Authenticity is a frustrating topic to talk about in the church world. It is now a buzzword—like “relevant” has been for the last decade.

You can’t not talk about it because it’s a word that comes up again and again when you ask people what they’re looking for in a church.

At the same time, to deem it a strategy, or even a value, seems to defeat the purpose. The minute you try for authenticity, you immediately run the risk of ruining it.

A parallel that occurred to me recently comes from the world of design. Lately, I’ve seen a trend toward handwritten lettering. Particularly popular right now, especially with churches, is the brush cursive look.

I am a sucker for this look myself. Some of my favorite creatives—people like Mike Birbiglia and Brad Montague—use hand lettering throughout their work. Mike is a comedian who tells very personal stories as part of his shows. One of his earliest projects was called “My Secret Public Journal,” in which he read from his personal journal.

You might remember Brad from a recent episode of the Art of the Sermon podcast. He wrote and produced all of the Kid President YouTube videos with his young brother-in-law Robby. The handwritten graphics made total sense, as it fit with the simple, handmade cardboard Oval Office set.

The work of both of these guys clearly comes from the heart. Part of why they make such an impact on and form deep connections with audiences is because they truly are authentic. It isn’t an act. They show us who they are, share their perspective, and invite us to join in the journey.
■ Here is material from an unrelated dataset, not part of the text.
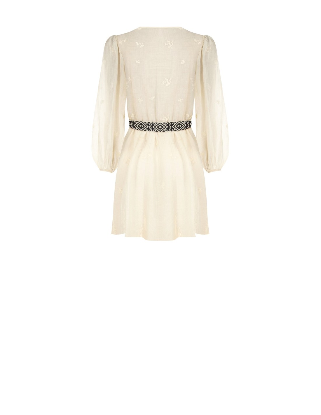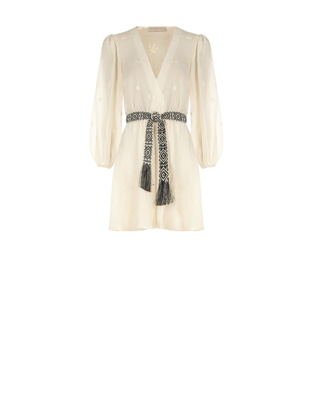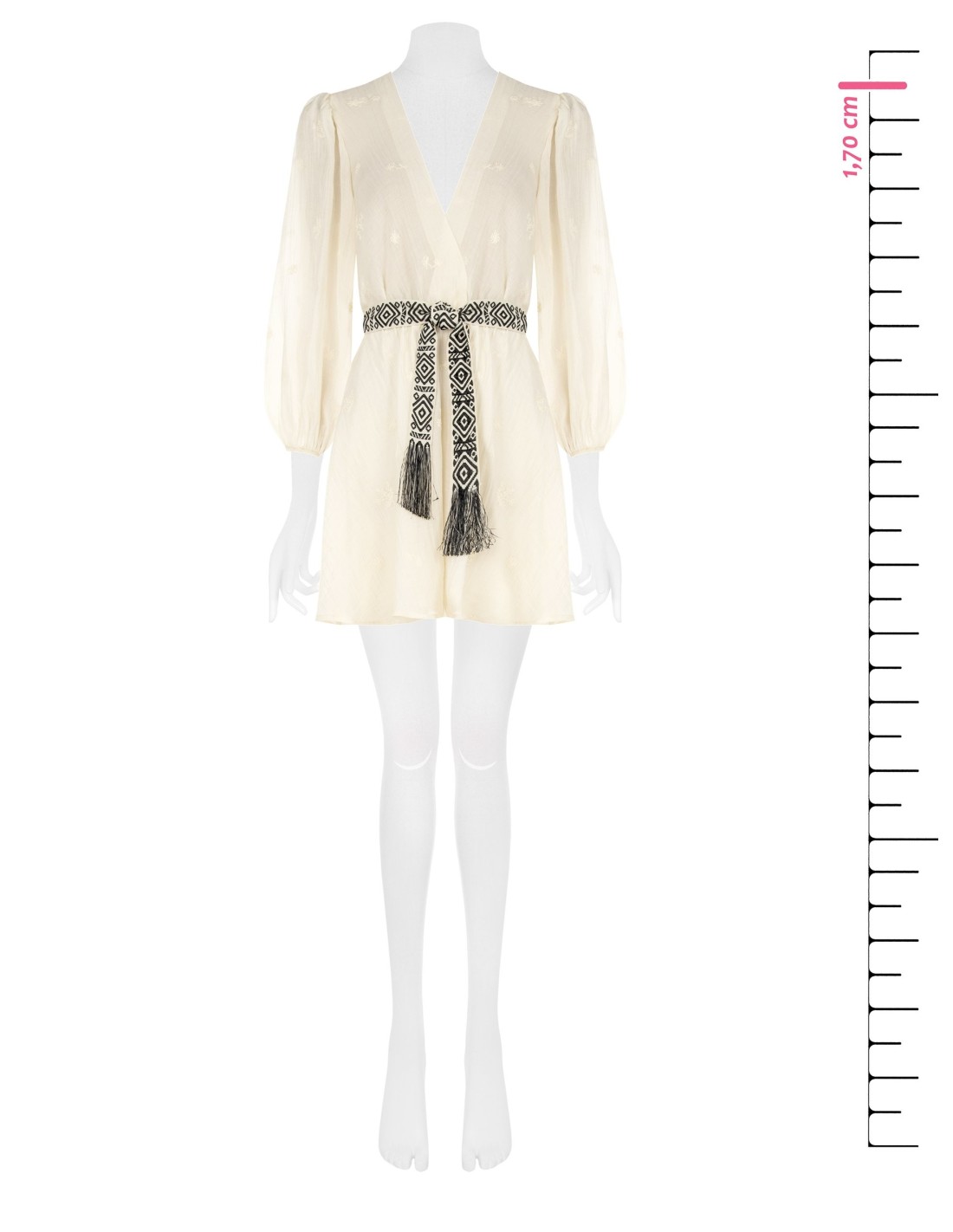 Minissaia de corte suave e feminino, em tecido leve com delicados bordados por toda a peça que acariciam a silhueta com conforto. O decote em V cruzado e o cinto jacquard com franjinhas definem a cintura. Perfeito para brunches, fins de semana na cidade e aperitivos especiais.

During my interview with Brad, he shared that for a short time, they worked on a Kid President television show. The production company recreated everything for the show as a set, including Robby’s bedroom. They also recreated Brad’s handwriting as a font.
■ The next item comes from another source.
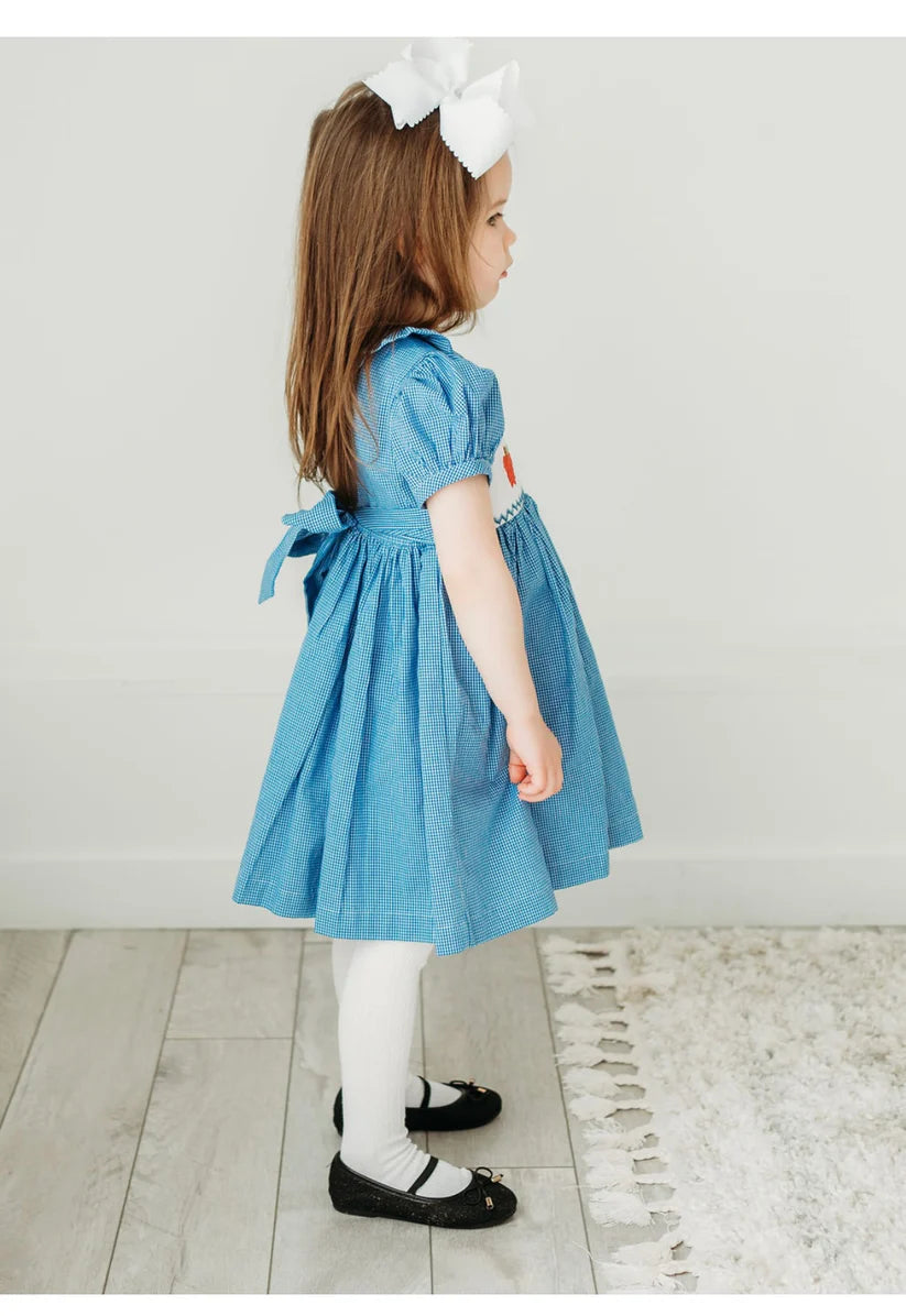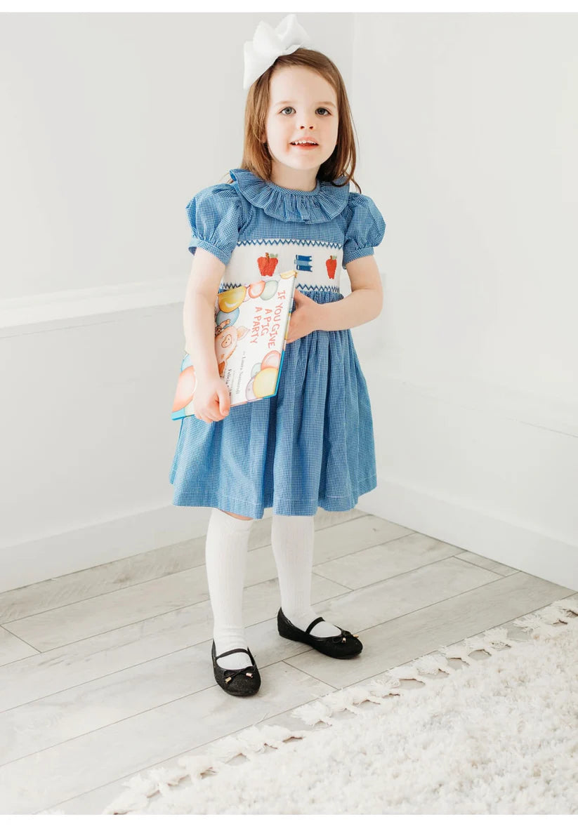 This smocked Apple dress is perfect for back to school! Fit is tts.

You can audibly hear Brad cringe. It just felt wrong. All he and Robby wanted to do was hang out, have fun, make videos, and challenge the world to be more awesome. This facade just wasn’t them. Even the handwriting was fake.

This is the issue I think churches run into the most. Instead of stripping away the things that stand in the way of authenticity, we try to create it—often forcing it.

And people can feel it. They know.

Because all we have really created is the illusion of authenticity.